Abstract:
A machine for the precision working of the tooth flanks of toothed workpieces with a gearlike tool, for example, a shaving gear or the like, which is in a two-flank generating engagement with a workpiece. The workpiece is supported stationarily, however, rotatably on a machine bed and the tool is mounted on a tool head arranged rotationally adjustably about an adjusting axis directed perpendicularly with respect to the tool axis and with respect to the workpiece axis and in a rockable slide member pivotal about a horizontal axis on a cross slide movable in a horizontal direction. The cross slide is guided in a feed slide which is also movable in a horizontal direction. The two directions of movement are offset at 90°. The feed slide is guided in a feed carriage movable in a vertical direction.

Description:
FIELD OF THE INVENTION 
     The invention relates to a machine for the precision working of the tooth flanks of toothed workpieces with a gearlike tool. 

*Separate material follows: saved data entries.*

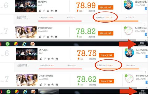 투표하는 동안 В.А.Р 결과가 변화되고 있었어요. 좋은 결과가 나올때마다 갑자기 맨 마지막에 갔어요. 그거 증명해 줄 수 있는 스크린샷을 찍었어요. 다른 그룹에는 그런 변화가 보이지 않는데요.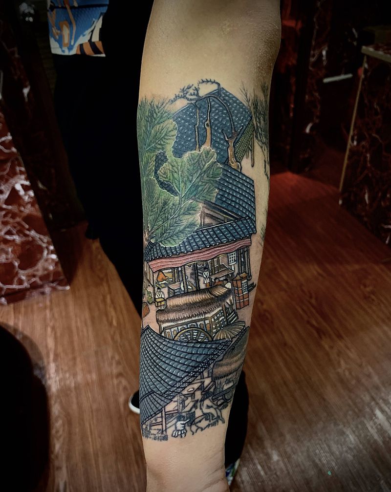 当前位置: 首页 >广东省深圳市纹身店-真一堂刺青纹身图案>清明上河图纹身图片_手臂水墨纹身图案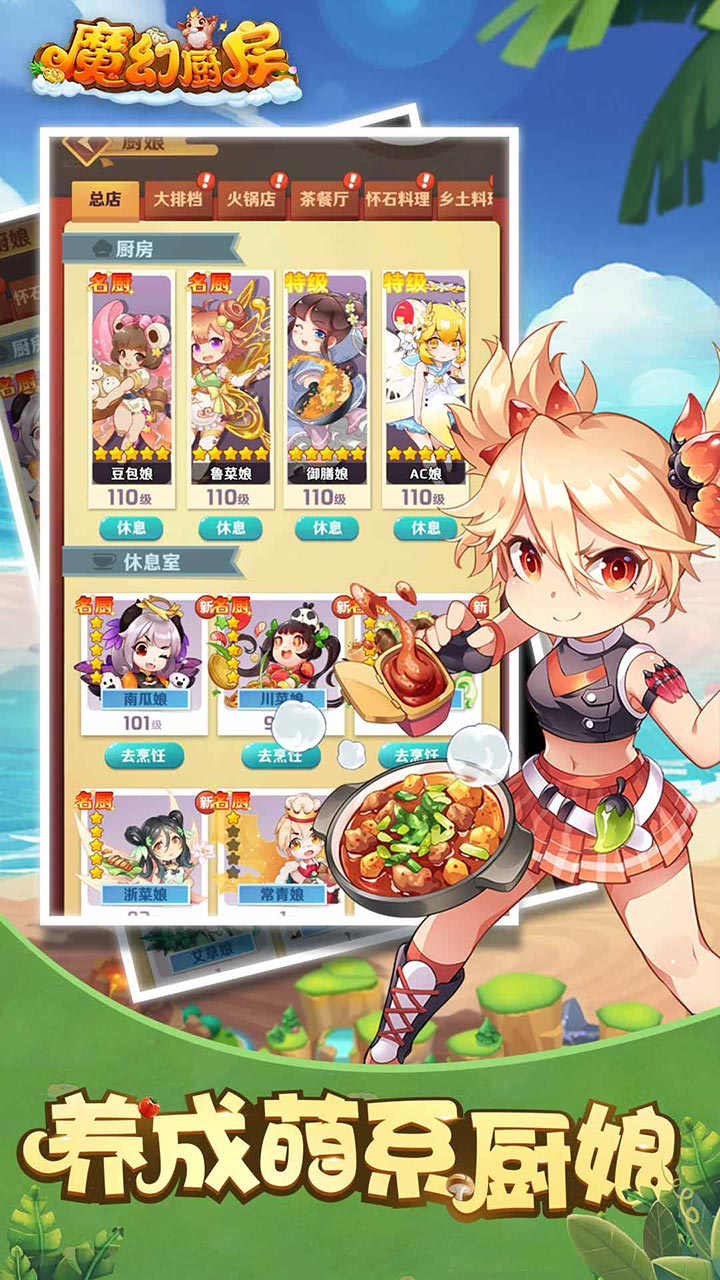 想拥有一家专属于你的餐厅吗?无需爆肝,动动手指挂挂机,即可获取大量金币爱心!无需重氪,就能解锁不同风格的可爱厨娘,陪你一起收集各式美食菜谱,下厨房,送外卖,经营你的餐厅!还有多种风格的家具装饰,等你随心装扮,打造个性餐厅!想减压?来这里!

     BACKGROUND OF THE INVENTION 
     A machine of the mentioned type is known from German OS No. 31 42 843 (which corresponds to U.S. Pat. No. 4 545 708). This type of construction makes it possible to assign during finishing, rolling, honing, etc., a specific center distance and a specific pivot or plunge angle for each point on a flank contour of the gear to be machined. The specific center distance and specific pivot or plunge angle can be adjusted as needed. It is possible in this manner to produce almost any desired shape of flank contour, namely, independent of the shape of the tool-tooth flanks. Machining can be done on the known machine both according to the parallel method and also according to the diagonal and underpass or according to the plunge method. It has been considered to be disadvantageous at times the movement of the feed carriage and the pivoting movement of hte rockable slide p member can be controlled independently from one another, however, in dependency of the respective position of the feed slide. This limits the possibilities influencing a correction. Also in practice it happens again and again that a transition from one method to another method during the machining task would be advantageous, for example, in order to achieve a desired flank shape or flank correction or in order to &#34;wipe out&#34; machining marks or for other reasons. Such a transition is only conditionally possible in the iknown machine. Hampering this transition are in particular the necessary turning of the feed slide (during the transition, for example from the parallel to the diagonal method) and the device described in German OS No. 34 10 686 (which corresponds to U.S. Pat. No. 4 575 289), with which holds the feed slide in its respectively adjusted angular position relative to he machine frame or to the feed carriage. 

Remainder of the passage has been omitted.